_EXERCISE GOAL_:
Could you restate every entry word for word, leaving the pictures out?

_INPUT FOR THIS TASK_:
--------------------------------
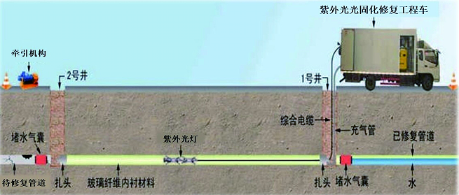 紫外光固化管道修復(fù)技術(shù)為城市雨污水管網(wǎng)改造帶來全新方案探索。將特制軟管材料浸漬光固化樹脂后拉入舊管道,在紫外光照射下迅速固化形成高強度內(nèi)襯管,無需開挖路面,極大減少施工擾民與環(huán)境破壞。在新站區(qū)排水管網(wǎng)排查整治完善工程一期-1標順利實現(xiàn)了安徽省內(nèi)最大管徑管道紫外光固化修復(fù)。
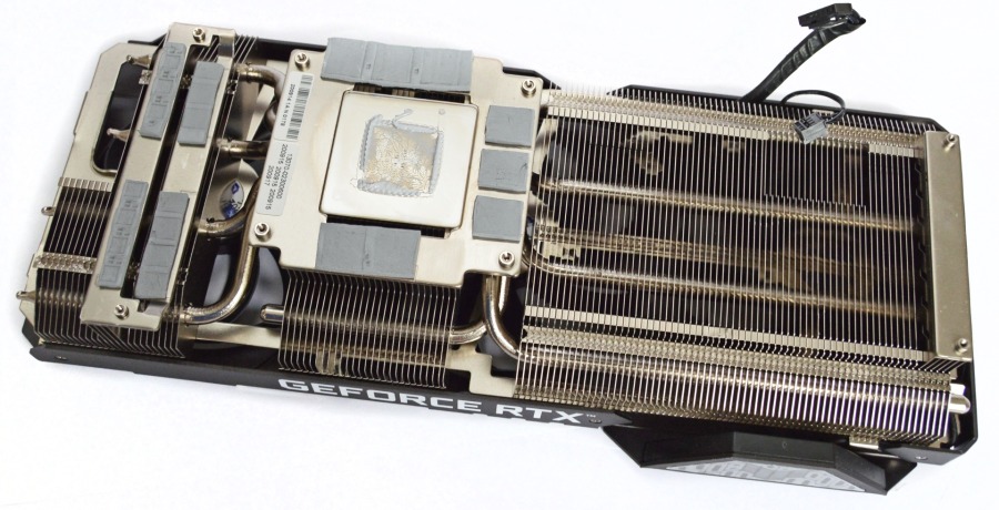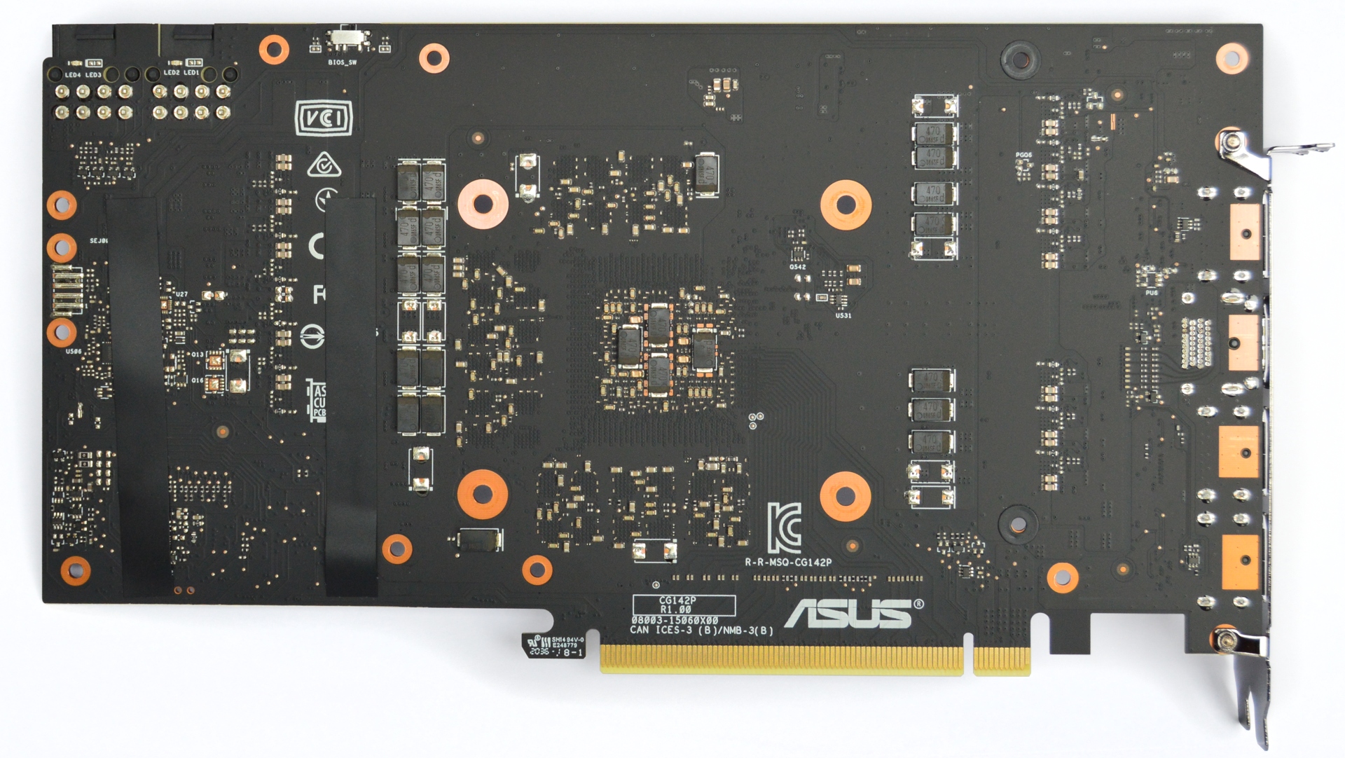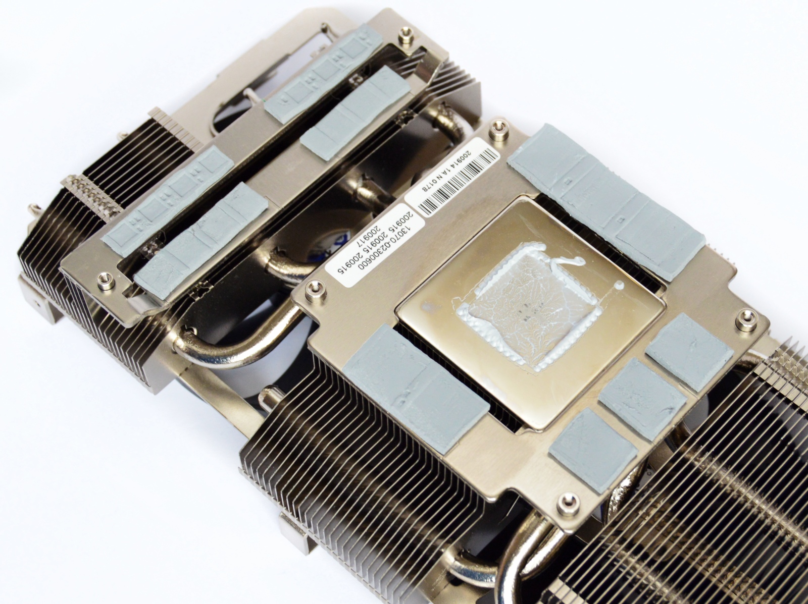 Основание радиатора обработано по технологии ASUS MaxContact, обеспечивающей идеально ровную поверхность для лучшего прилегания к поверхности графического кристалла. По периметру основания есть площадка для отвода тепла от микросхем памяти. Сбоку предусмотрены площадки для контакта с силовыми элементами и дросселями.
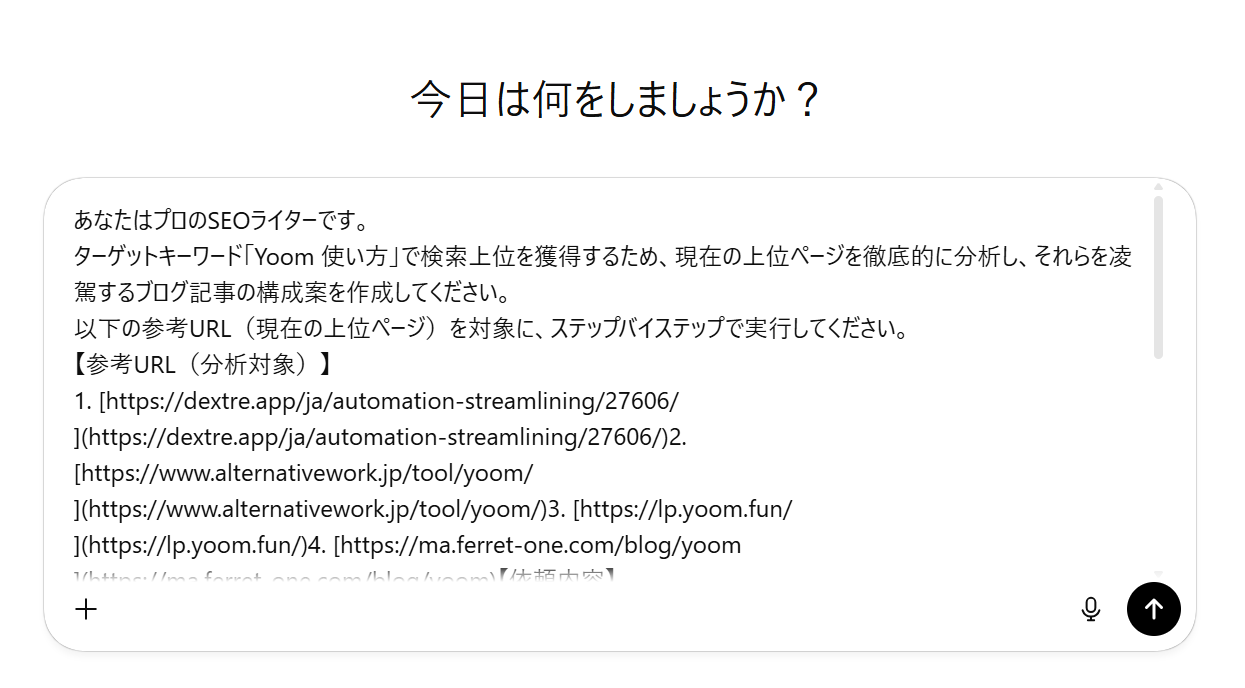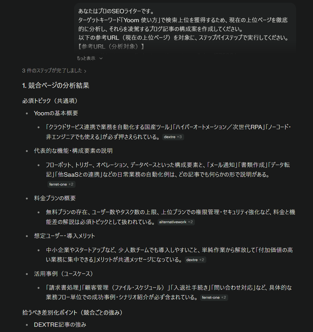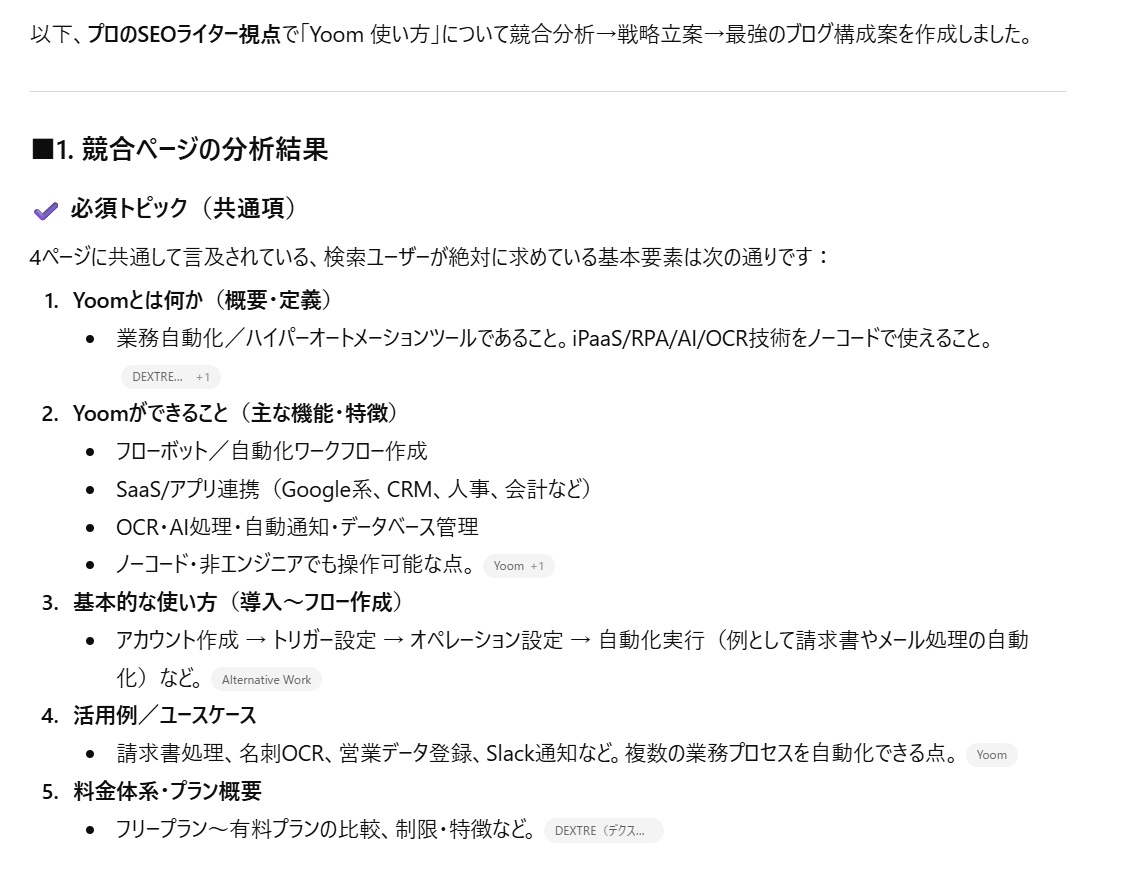想定されるユースケース: ターゲットキーワード(今回は「Yoom 使い方」)で上位表示されている具体的な競合記事を読み込ませ、共通点と差別化ポイントを洗い出した上で、それらを凌駕する「勝てる記事構成案」を作成してもらう。
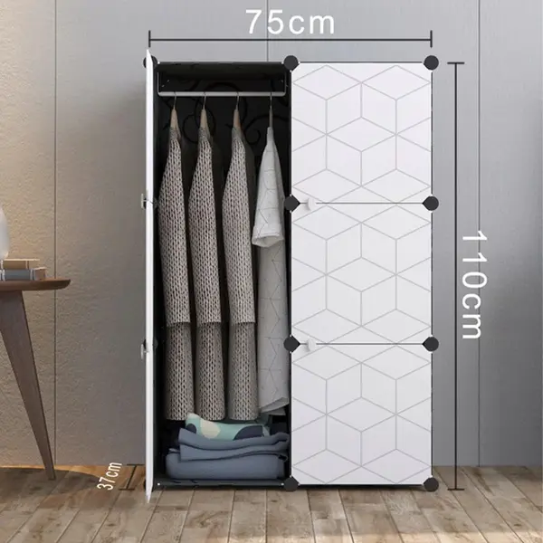 Panourile din polipropilenă (PP) sunt susținute de un cadru metalic rezistent, asigurând o structură stabilă, dar ușoară în același timp. Materialul este complet impermeabil și rezistent la praf, fiind extrem de simplu de întreținut prin simpla ștergere cu o lavetă umedă. Sistemul de asamblare de tip DIY (do-it-yourself), bazat pe conectori din ABS de înaltă rezistență, vă permite să montați dulapul rapid, fără a fi nevoie de scule sau șuruburi. Designul său minimalist, disponibil de regulă în nuanțe neutre de negru sau alb, se potrivește perfect în dormitor, camera copiilor, hol sau chiar în debara.
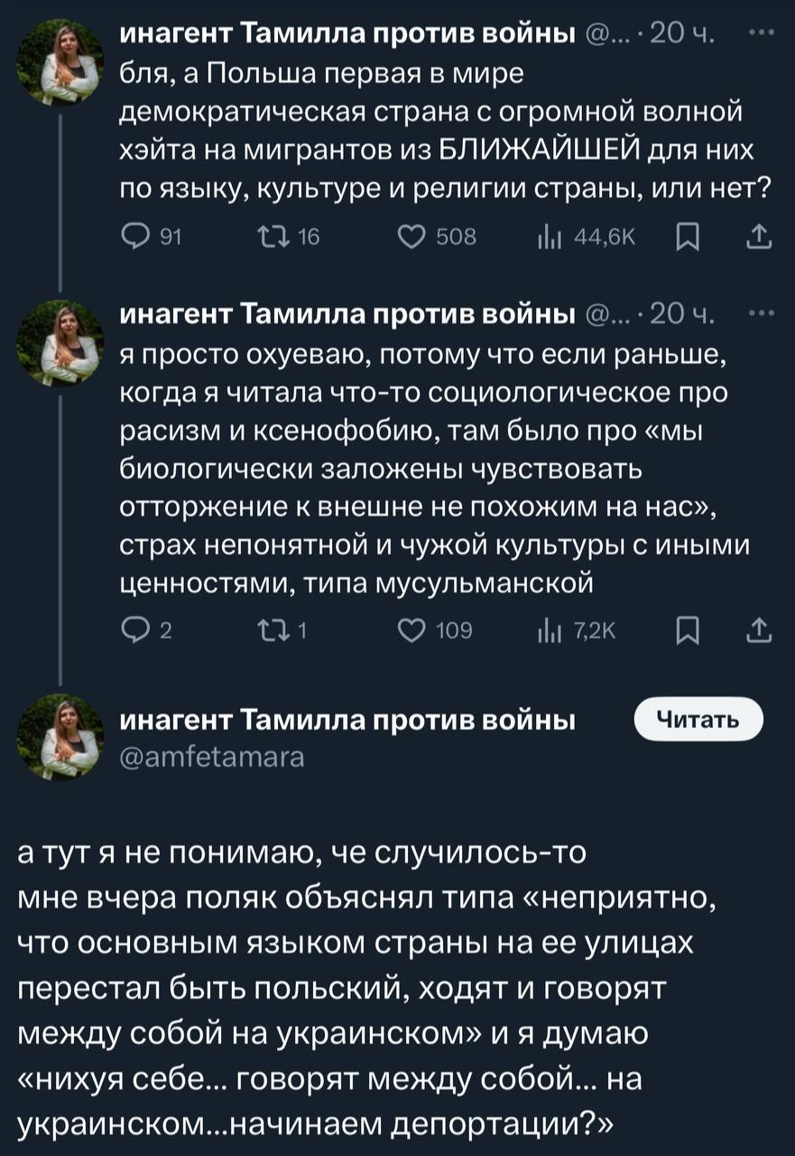 >>1230464 Возможно, знаю даже больше среднего, т.к. помимо прочего буквально биоотношаюсь с укротян. Понятно, что спердоляционные настроения не вчера появились, у поляков всегда отношение было к ним как к чуркам в рф, но до поры был какой-то консенсус в обществе, что это нельзя так активно проявлять и явно об этом говорить. Эксцессы бывали, но именно что эксцессы. А после выборов тут прям явная перемена именно что в гласном и негласном отношении случилась, теперь говорить об этом - в целом можно, и власть сама первая начнет такие темы обсуждать, а не щемить за это.
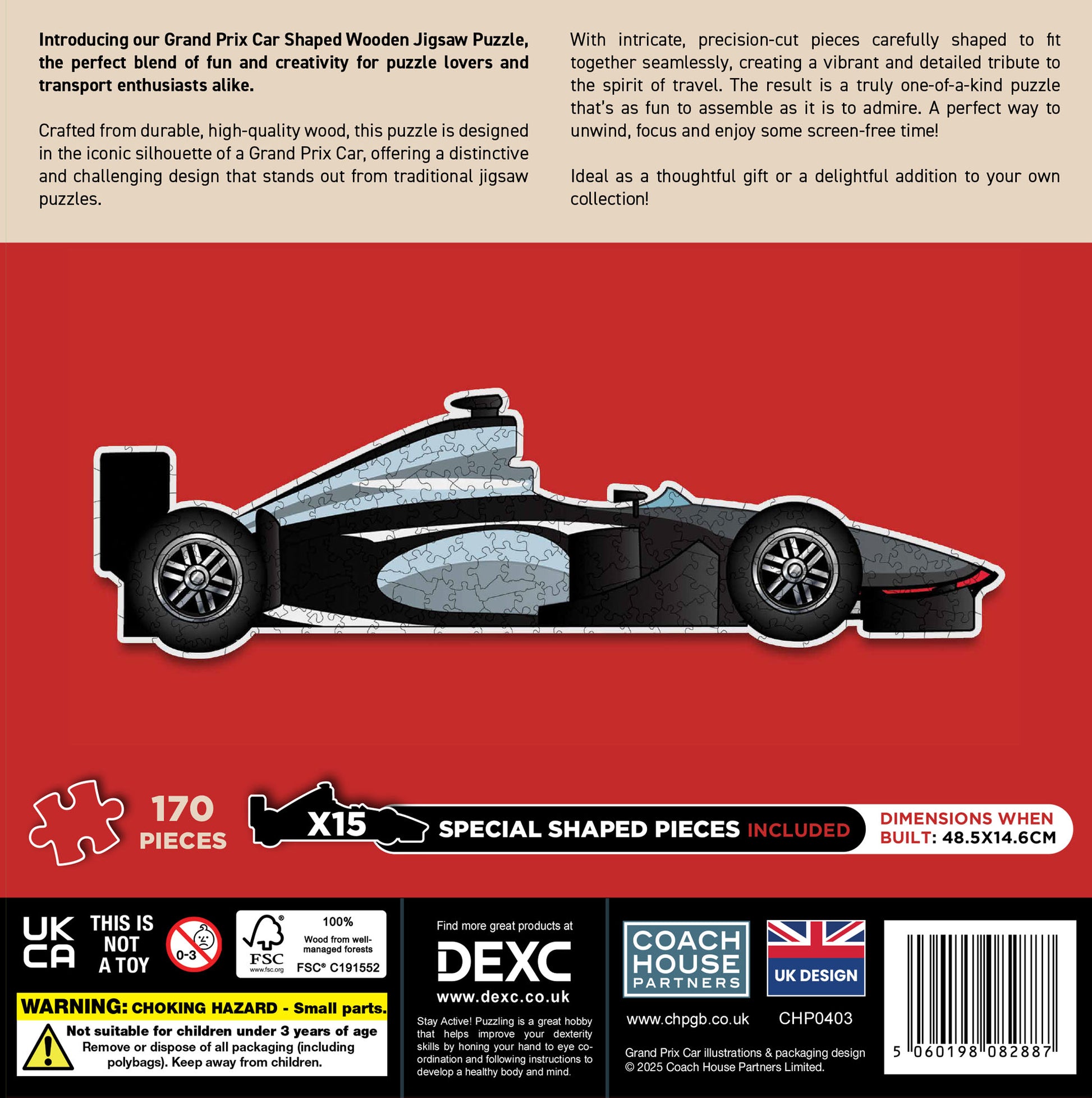 Crafted from durable, high-quality FSC certified wood, this puzzle is designed in the iconic silhouette of a race car, offering a distinctive and challenging design that stands out from traditional jigsaw puzzles.
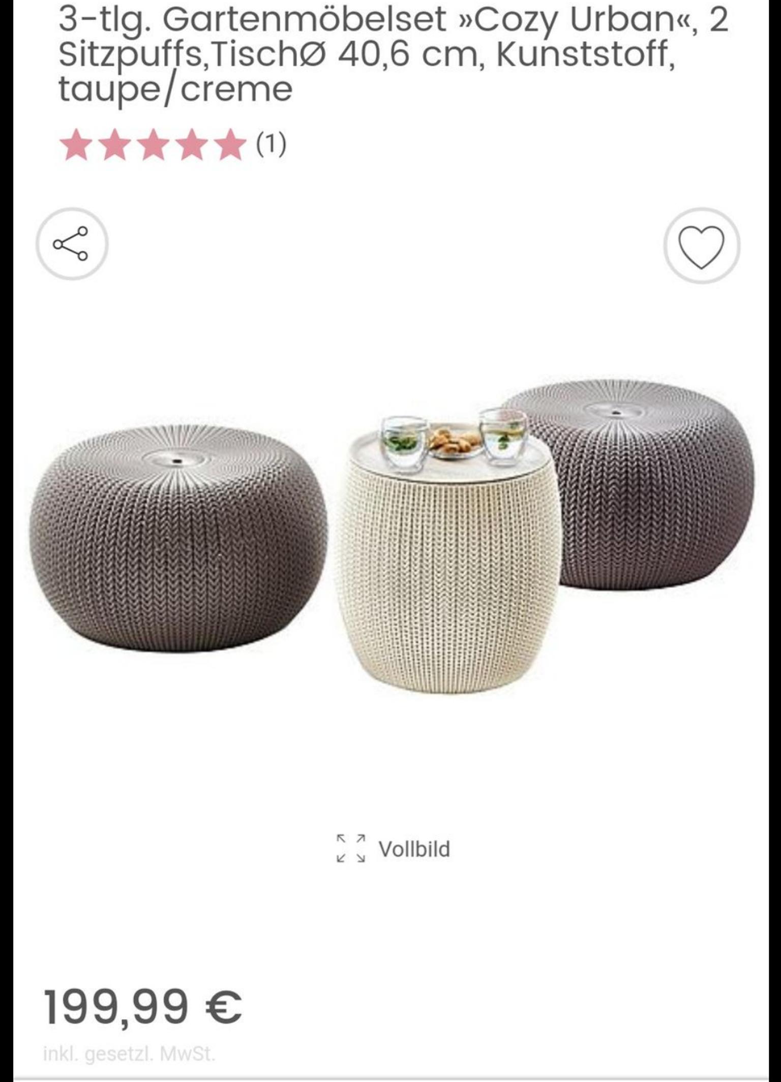 3 Tlg Gartenmöbelset Cozy Urban 2 Sitzpuffs Tischø 40 6 Cm Kunststoff Taupe Creme Online Kaufen Otto
--------------------------------
_OUTPUT OF THE TASK_:
 紫外光固化管道修復(fù)技術(shù)為城市雨污水管網(wǎng)改造帶來全新方案探索。將特制軟管材料浸漬光固化樹脂后拉入舊管道,在紫外光照射下迅速固化形成高強度內(nèi)襯管,無需開挖路面,極大減少施工擾民與環(huán)境破壞。在新站區(qū)排水管網(wǎng)排查整治完善工程一期-1標順利實現(xiàn)了安徽省內(nèi)最大管徑管道紫外光固化修復(fù)。
 Основание радиатора обработано по технологии ASUS MaxContact, обеспечивающей идеально ровную поверхность для лучшего прилегания к поверхности графического кристалла. По периметру основания есть площадка для отвода тепла от микросхем памяти. Сбоку предусмотрены площадки для контакта с силовыми элементами и дросселями.
想定されるユースケース: ターゲットキーワード(今回は「Yoom 使い方」)で上位表示されている具体的な競合記事を読み込ませ、共通点と差別化ポイントを洗い出した上で、それらを凌駕する「勝てる記事構成案」を作成してもらう。
 Panourile din polipropilenă (PP) sunt susținute de un cadru metalic rezistent, asigurând o structură stabilă, dar ușoară în același timp. Materialul este complet impermeabil și rezistent la praf, fiind extrem de simplu de întreținut prin simpla ștergere cu o lavetă umedă. Sistemul de asamblare de tip DIY (do-it-yourself), bazat pe conectori din ABS de înaltă rezistență, vă permite să montați dulapul rapid, fără a fi nevoie de scule sau șuruburi. Designul său minimalist, disponibil de regulă în nuanțe neutre de negru sau alb, se potrivește perfect în dormitor, camera copiilor, hol sau chiar în debara.
 >>1230464 Возможно, знаю даже больше среднего, т.к. помимо прочего буквально биоотношаюсь с укротян. Понятно, что спердоляционные настроения не вчера появились, у поляков всегда отношение было к ним как к чуркам в рф, но до поры был какой-то консенсус в обществе, что это нельзя так активно проявлять и явно об этом говорить. Эксцессы бывали, но именно что эксцессы. А после выборов тут прям явная перемена именно что в гласном и негласном отношении случилась, теперь говорить об этом - в целом можно, и власть сама первая начнет такие темы обсуждать, а не щемить за это.
 Crafted from durable, high-quality FSC certified wood, this puzzle is designed in the iconic silhouette of a race car, offering a distinctive and challenging design that stands out from traditional jigsaw puzzles.
 3 Tlg Gartenmöbelset Cozy Urban 2 Sitzpuffs Tischø 40 6 Cm Kunststoff Taupe Creme Online Kaufen Otto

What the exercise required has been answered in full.